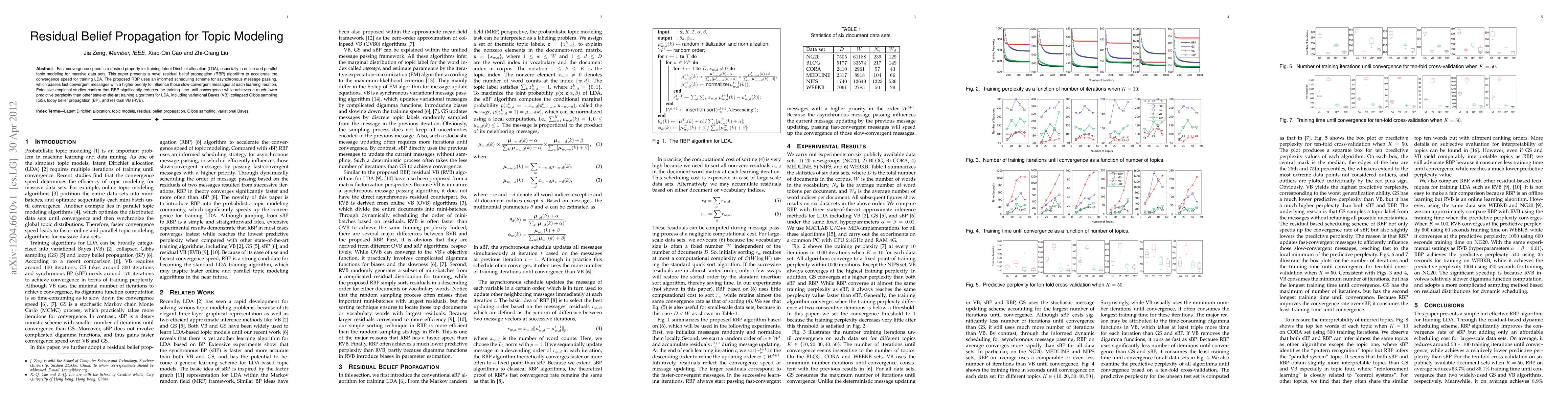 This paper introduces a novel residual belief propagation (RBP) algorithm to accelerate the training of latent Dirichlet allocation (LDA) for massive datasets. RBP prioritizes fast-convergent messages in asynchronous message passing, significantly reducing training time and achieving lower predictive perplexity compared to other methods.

==

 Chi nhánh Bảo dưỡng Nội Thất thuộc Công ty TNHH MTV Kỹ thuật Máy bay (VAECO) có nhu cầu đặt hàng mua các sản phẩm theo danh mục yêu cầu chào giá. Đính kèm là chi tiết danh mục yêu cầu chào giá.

==

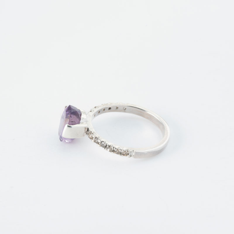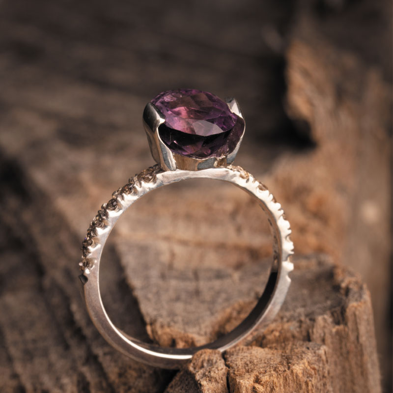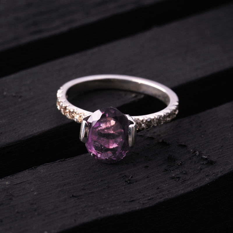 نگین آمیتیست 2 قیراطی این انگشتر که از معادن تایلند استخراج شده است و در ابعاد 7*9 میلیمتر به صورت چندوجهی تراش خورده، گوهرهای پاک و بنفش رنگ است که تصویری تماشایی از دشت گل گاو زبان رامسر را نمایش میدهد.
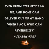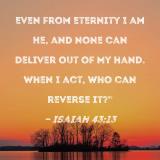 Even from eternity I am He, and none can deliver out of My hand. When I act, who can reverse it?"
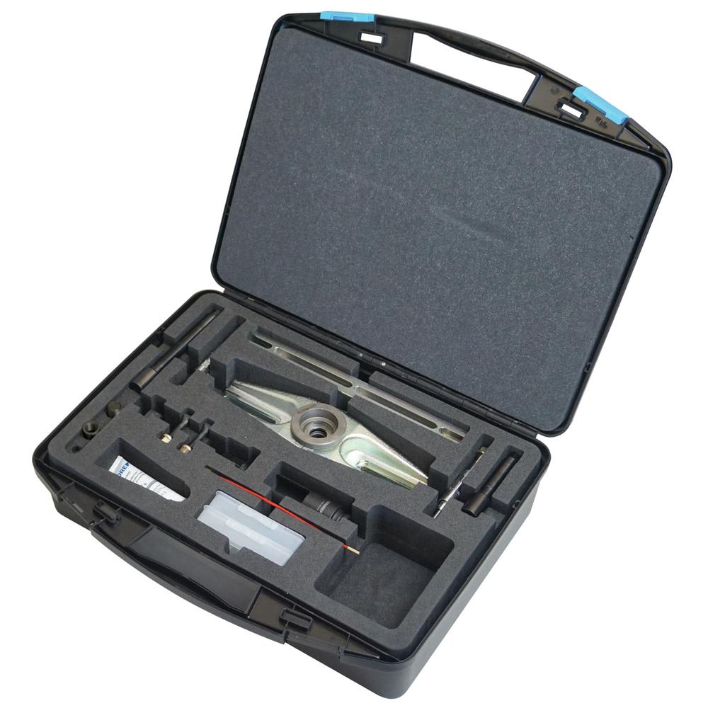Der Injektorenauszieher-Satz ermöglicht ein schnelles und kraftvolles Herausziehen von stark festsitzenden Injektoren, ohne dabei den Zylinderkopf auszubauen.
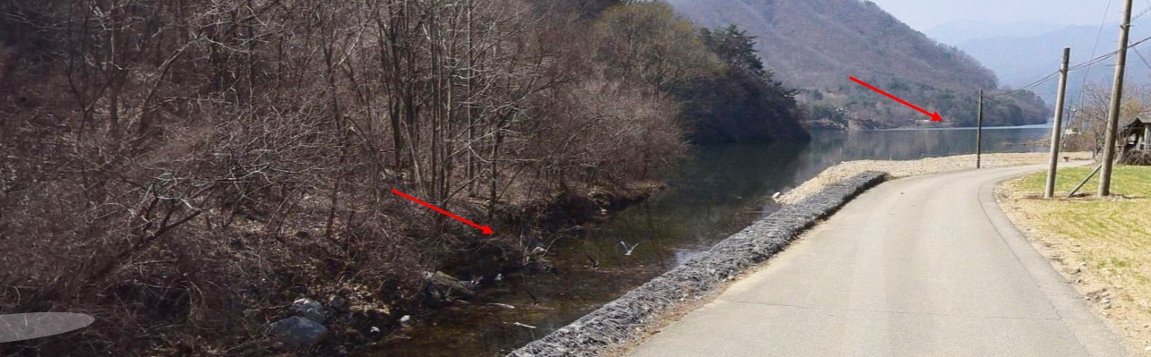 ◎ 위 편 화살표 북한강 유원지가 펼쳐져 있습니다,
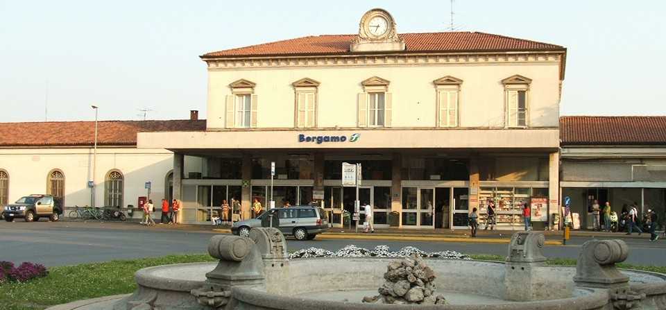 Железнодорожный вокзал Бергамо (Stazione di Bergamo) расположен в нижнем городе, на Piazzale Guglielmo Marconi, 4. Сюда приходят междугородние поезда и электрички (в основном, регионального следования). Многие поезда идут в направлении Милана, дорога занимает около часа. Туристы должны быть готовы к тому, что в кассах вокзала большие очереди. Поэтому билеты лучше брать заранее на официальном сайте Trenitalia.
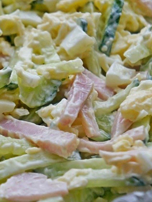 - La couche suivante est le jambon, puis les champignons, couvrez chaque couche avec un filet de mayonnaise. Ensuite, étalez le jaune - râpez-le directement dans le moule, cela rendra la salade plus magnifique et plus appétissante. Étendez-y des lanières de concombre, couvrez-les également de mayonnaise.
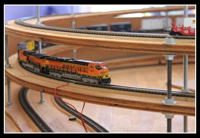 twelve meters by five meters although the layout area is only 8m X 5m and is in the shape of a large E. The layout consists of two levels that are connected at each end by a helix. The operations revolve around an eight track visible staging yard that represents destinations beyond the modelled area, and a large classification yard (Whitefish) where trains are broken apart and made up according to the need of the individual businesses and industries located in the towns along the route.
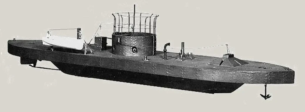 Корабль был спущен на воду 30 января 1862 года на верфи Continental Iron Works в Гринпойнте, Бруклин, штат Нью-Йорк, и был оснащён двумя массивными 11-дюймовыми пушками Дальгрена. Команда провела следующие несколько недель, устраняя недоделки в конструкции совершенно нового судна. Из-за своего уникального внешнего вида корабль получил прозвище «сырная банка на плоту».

WORK REQUIRED: Only the lines above from the one with "نگین آمیتیست 2" to the one with "twelve meters by" should be printed, both included and exactly as written; no picture belongs in the copy.

RESPONSE AREA:
 نگین آمیتیست 2 قیراطی این انگشتر که از معادن تایلند استخراج شده است و در ابعاد 7*9 میلیمتر به صورت چندوجهی تراش خورده، گوهرهای پاک و بنفش رنگ است که تصویری تماشایی از دشت گل گاو زبان رامسر را نمایش میدهد.
 Even from eternity I am He, and none can deliver out of My hand. When I act, who can reverse it?"
Der Injektorenauszieher-Satz ermöglicht ein schnelles und kraftvolles Herausziehen von stark festsitzenden Injektoren, ohne dabei den Zylinderkopf auszubauen.
 ◎ 위 편 화살표 북한강 유원지가 펼쳐져 있습니다,
 Железнодорожный вокзал Бергамо (Stazione di Bergamo) расположен в нижнем городе, на Piazzale Guglielmo Marconi, 4. Сюда приходят междугородние поезда и электрички (в основном, регионального следования). Многие поезда идут в направлении Милана, дорога занимает около часа. Туристы должны быть готовы к тому, что в кассах вокзала большие очереди. Поэтому билеты лучше брать заранее на официальном сайте Trenitalia.
 - La couche suivante est le jambon, puis les champignons, couvrez chaque couche avec un filet de mayonnaise. Ensuite, étalez le jaune - râpez-le directement dans le moule, cela rendra la salade plus magnifique et plus appétissante. Étendez-y des lanières de concombre, couvrez-les également de mayonnaise.
 twelve meters by five meters although the layout area is only 8m X 5m and is in the shape of a large E. The layout consists of two levels that are connected at each end by a helix. The operations revolve around an eight track visible staging yard that represents destinations beyond the modelled area, and a large classification yard (Whitefish) where trains are broken apart and made up according to the need of the individual businesses and industries located in the towns along the route.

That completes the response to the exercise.